Sparse Randomized Shortest Paths Routing with Tsallis Divergence Regularization

TL;DR

This paper introduces a novel routing framework using Tsallis divergence regularization in the randomized shortest path model, resulting in sparser policies that improve graph-based clustering and classification tasks.

Contribution

It reformulates the RSP model with Tsallis divergence, producing sparser routing policies that interpolate between optimal and random walks, enhancing graph analysis.

Findings

Sparse routing policies improve clustering accuracy.

Expected routing costs outperform traditional measures.

Sparse RSP balances exploration and exploitation effectively.

Abstract

This work elaborates on the important problem of (1) designing optimal randomized routing policies for reaching a target node t from a source note s on a weighted directed graph G and (2) defining distance measures between nodes interpolating between the least cost (based on optimal movements) and the commute-cost (based on a random walk on G), depending on a temperature parameter T. To this end, the randomized shortest path formalism (RSP, [2,99,124]) is rephrased in terms of Tsallis divergence regularization, instead of Kullback-Leibler divergence.
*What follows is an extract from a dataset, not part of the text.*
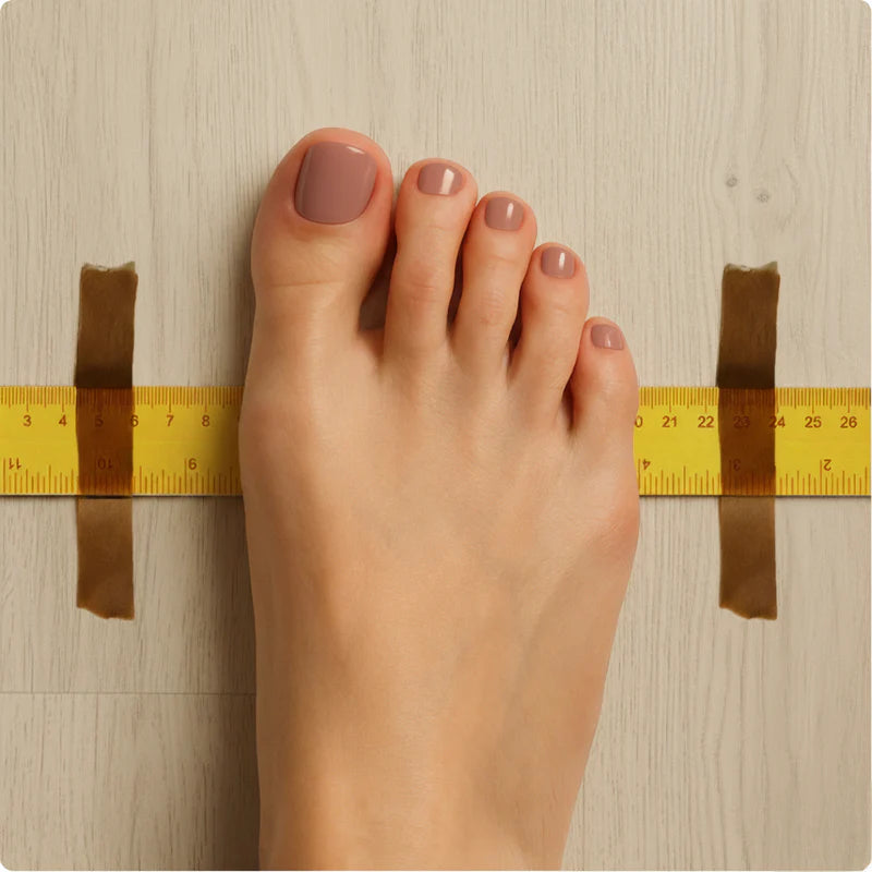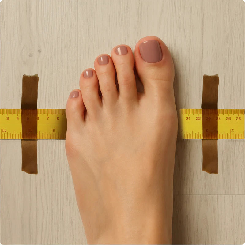 Step on the ruler using the widest part of your foot. Take the photo of your feet, width vertically downward—the width of your right foot.

The main consequence of this change is that the resulting routing policy (local transition probabilities) becomes sparser when T decreases, therefore inducing a sparse random walk on G converging to the least-cost directed acyclic graph when T tends to 0. Experimental comparisons on node clustering and semi-supervised classification tasks show that the derived dissimilarity measures based on expected routing costs provide state-of-the-art results. The sparse RSP is therefore a promising model of movements on a graph, balancing sparse exploitation and exploration in an optimal way.